Она должна была исчезнуть. В конце концов, многие из демонов знали ее как сотрудничающую с ними и могли начать снова разыскивать ее, чтобы она указывала им тех, кто способен видеть сквозь их маскарадные костюмы. А она больше не желала этим заниматься. Она была совершенно уверена, что только Келско с подручным знали про меня, и теперь, когда они были мертвы, я был в безопасности. Но ей нужно было навсегда исчезнуть. Артуро Сомбра заполнил заявление о ней как о пропавшей без вести в полицию Йонтс-дауна, которая, естественно, не нашла концов. Следующую пару месяцев братья Сомбра распоряжались ее концессиями от ее имени, но под конец компания воспользовалась пунктом контракта об отчуждении собственности, и аттракционы Райи перешли во владение фирмы. А фирма продала их мне. Сделку финансировал Джоэль Так. По окончании сезона я пригнал «Эйрстрим» Райи в Джибсонтон, штат Флорида, и припарковал его возле поставленного на фундамент более крупного трейлера, также принадлежавшего ей. После хитроумной возни с бумагами я стал также владельцем собственности в Джибсонтоне и жил там один с середины октября до того момента, когда за неделю до Рождества ко мне приехала умопомрачительно красивая женщина, чьи глаза были такими же голубыми, как у Райи Рэйнз, чье тело было столь же совершенно вылеплено, но черты лица немного отличались от лица Райи, а волосы были цвета воронова крыла. Она сказала, что ее зовут Кара Маккензи, что она – моя двоюродная сестра из Детройта, которая не виделась со мной сто лет, и что нам надо о многом потолковать.

Несмотря на мою твердую решимость понять и простить любимого человека, мне все же надо было избавиться от некоторой нетерпимости и возмущения тем, что она сделала, и мы слишком неловко чувствовали себя в обществе друг друга, чтобы вообще о чем-либо разговаривать. Так было вплоть до Рождества. С этого момента мы не могли закрыть рта. Долгое время мы чувствовали друг друга чужими, мы восстанавливали связи и не ложились в одну постель вплоть до пятнадцатого января. А когда легли, в первый раз это было далеко не так хорошо, как прежде. Но как бы там ни было, к началу февраля мы уже решили, что после всего происшедшего Кара Маккензи больше не моя кузина из Детройта, а моя жена.

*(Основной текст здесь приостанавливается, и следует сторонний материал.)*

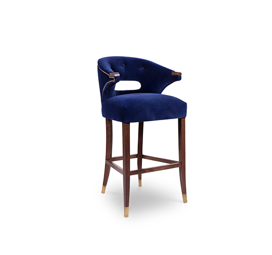 Nanook is the master of bears, the one who decides the luck of the hunters in the Arctic regions. NANOOK Bar Chair blends the beauty and grandiosity of this animal. This bar stool with backrest has a strong presence balanced with the elegance given by the golden nailhead trim and the button detailing on the inner back. It features legs in ash with walnut stain matte varnish.
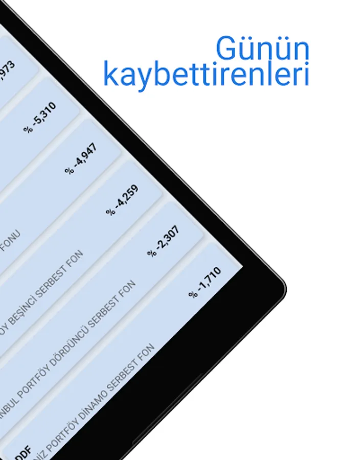 You can instantly access the prices of mutual funds traded by the CMB, follow the monthly and annual price changes of these mutual funds, and monitor the winning and losing funds.
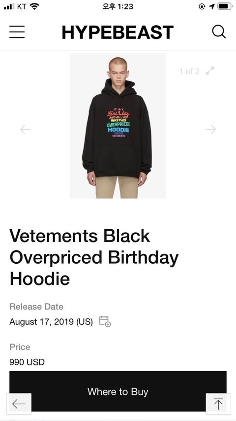 그리고 이 후드티는 정말 백만원이 넘는다고 한다.

И в эту зиму Джибсонтон стал свидетелем одной из самых пышных свадеб, какие он когда-либо видел.

Возможно, Райа не была так же великолепна, став брюнеткой, может быть, пластическая операция отняла немного красоты у ее лица, но она по-прежнему была прекраснейшей женщиной на свете. И что более важно, она начала избавляться от эмоционально искалеченной Райи – тоже гоблина, но иного рода, жившего внутри ее.

Мир продолжал жить как всегда.

Это был год, когда они убили в Далласе нашего президента. Это был конец невинности. Исчез определенный жизненный уклад и образ мыслей, и многие, впав в уныние, говорили, что умерла и надежда. Но хотя осенью облетающие листья обнажают ветви, как кости скелета, весна вновь наряжает деревья.

Это также был год, когда «Битлз» выпустили свою первую пластинку в Штатах, год, когда «Конец света» Скитера Дэвиса был песней номер один, год, когда «Ронеттс» записали «Будь моей, крошка». А эта зима была зимой, когда мы с Райей вернулись в Йонтсдаун, штат Пенсильвания, на несколько дней в марте, чтобы принести войну на территорию врага.

Но это уже другая история.

Которая следует ниже.

Часть вторая

Черная молния

Тропки ночи там и тут

Прочь от сумерек бегут.

Книга Исчисленных скорбей

Что-то движется в ночи,

Недобром дыша.

Молчи!

Книга Исчисленных скорбей

Шепчет сумрак наверху –

Ночь роняет шелуху.

Книга Исчисленных скорбей

19

Первый год новой войны

Джон Кеннеди был мертв и похоронен, но эхо его похоронного марша затихало еще очень долго. В течение большей части той серой зимы казалось, что мир предпочел панихиду музыке. Небо нависало ниже, чем когда-либо прежде. Даже во Флориде, с ее безоблачными днями, мы ощущали пасмурность, не видимую глазом. Так что даже в счастье нашей семейной жизни мы с Райей не могли полностью найти убежища ни от мрачного настроения остального мира, ни от памяти о наших собственных недавних ужасах.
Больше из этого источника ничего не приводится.